Without entering into the meaning of each phrase you continue to read and, from the few words that are comprehensible to you, a completely different meaning arises in your mind—unclear, cloudy, and not in accord with the original phrasing, but all the more beautiful and poetic. For a long time, the Caucasus was for me this poem in a foreign language; once I deciphered its true meaning, there were many cases in which I missed the poem I had invented, and many cases in which I believed the real poem was better than the imaginary one.

What Tolstoy describes in such dreamy fashion is, I believe, really a skill. Poetry demands of its readers a version of literacy that's the near-neighbor of illiteracy: its obscurities (which might be as minimal as the artifice of meter and line breaks; as we know, the obscurities of poetry have no known upper limit) license the reader or demand of the reader that she give up, at least for a time, "deciphering" the words in front of her in favor of the "different meaning" or "invented" poem that spontaneously arises. You have to be either an expert or—it nearly amounts to the same thing—lack all the expectations that ordinary educated literacy installs in readers. A good poem offers not communication but communion and imagination. It asks the reader to become, at least for a moment, the writer or the breather of the poem. It inspires.

Batuman's experience of the Caucasus "cures" her of this knack for poetry, so close in its way to an illness—aphasia maybe, or maybe just another form of narcissism. She turns away from "poetical meanings conjured out of associations and half-grasped words—the beauty of things that don't appear on the page" toward "huge novels." And not just any novels—in "The Possessed," in spite of that essay's title, she declares herself a Tolstoyan and not a Dostoyevskyan. She explains this distinction rather charmingly after a reading, as reported by Cynthia Haven: "Dostoyevsky is the literary equivalent to theater, with 'allegory intensified 10,000 times.' Tolstoy is the stuff of movies, with costumes, elaborate scenery, and orchestral score. She falls for Tolstoy. 'Tolstoy is girlie—he wouldn't like my saying that, but he's not here anymore, any more than the Uzbeks are.'"

My takeaway is that she values Tolstoy for his explicitness—for the way in which he puts everything on the page, questing to make himself understood by the reader as completely as possible, while providing lushly lived in details, characters, and scenes for the reader to romp among. Tolstoy is the opposite of poetry, since so much of the action for poetry is conceptual—it happens in the reader's head, an action taken, and communication of anything whatsoever is a secondary or tertiary goal. Dostoyevsky offers a sort of middle ground, maybe, given the hyperallegorical character she ascribes to him. It's interesting that her book and its final essay take their titles not from Tolstoy but from Dostoyevsky's most enigmatic novel, which she explains rather brilliantly as being about the empty center that holds/fails to hold its characters and their increasingly demented actions together, the enigmatic Stavrogin.

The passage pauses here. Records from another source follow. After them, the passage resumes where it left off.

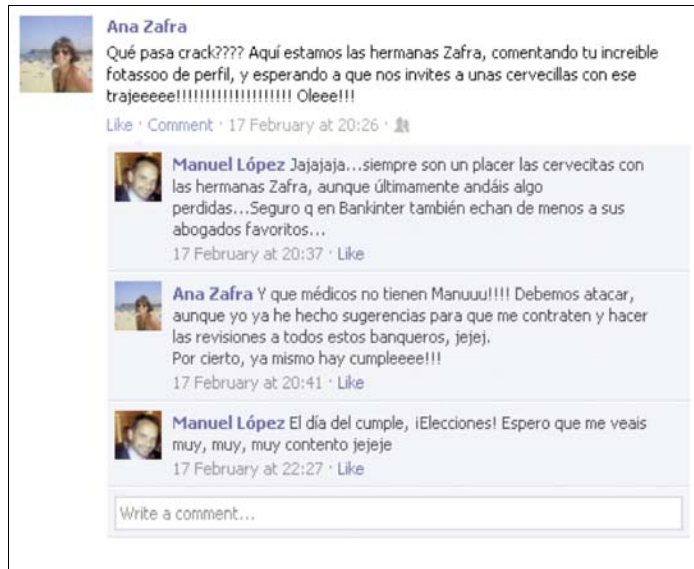
Image 2. Screen shot of user wall. Case 2.

of friends, in order to create a better reputation within the social network (this is so among younger profile users or among those who use the social network as an extension of their professional lives). Many conversations revolve around the same person, reinforced by image (different, changing profiles photos).
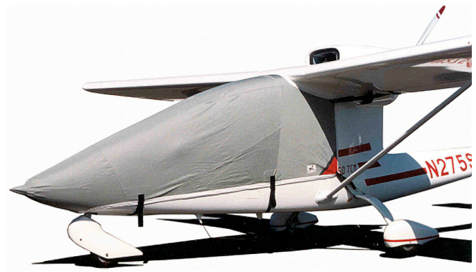
Sky Arrow Standard Canopy Cover
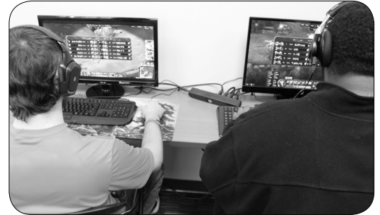
League of Legends, recognized as being an eSport, is a team-style online game allowing college teams to compete against each other.
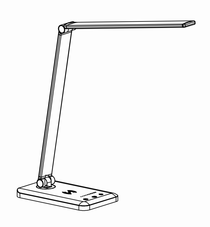
Dear customer, thank you for using our lamp

In order to facilitate your use of this product, please read the instructions carefully before using.
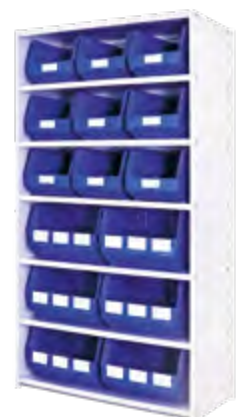
Delta Plus With Shelf bins
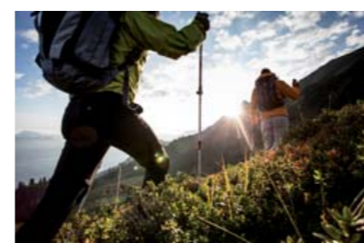
Montafon Tourismus GmbH T +43.(0)5556.722530, F 74856 info@montafon.at www.montafon.at/en

Genuine mountains. Genuine adventure. In the 39km long high-alpine valley and its 11 villages, the world's best fitness devices are right at your doorstep: real mountains, including Vorarlberg's highest peak, mount Piz Buin (3,312m). The Montafon has rich pickings for sports aficionados. Hiking historic trails, conquering mountains on an ebike, fine dining in alpine lodges or mountain forest adventures feature in the programme of activities just as much as awesome challenges for zealous hobby athletes.

I won't repeat her argument here. But as a poet who's taken up with the project of fiction, I certainly feel that Dostoyevsky offers a more conducive writerly terrain than Tolstoy does. Certainly, more than Tolstoy, he breaks all the Puritanical creative writing rules: he tells and tells, he uses five words where one would do, he's acutely interested in psychology and uninterested in the tenets of realism, and he's curious. His novels are intensively researched investigations into human character, thought experiments in the highest sense of the word. They're messy, they don't always make sense, the rhythms of their plots are mysterious and sometimes uncomfortable for the reader whose first question of any novel is always And then what happened? They're nothing like poetry if we think dichten = condensare. They're everything like poetry if poetry is the patterning in language of the half-grasped, the half-understood, which the reader must grapple with and experience and never quite complete. The act of reading such texts stimulates and exalts one's own curiosity.

The pleasure of finding things out. That's my creative writing program. I am still working to construct a pedagogy, as well as a practice, based upon that. I'm grateful to Elif Batuman for helping me come a step closer to that.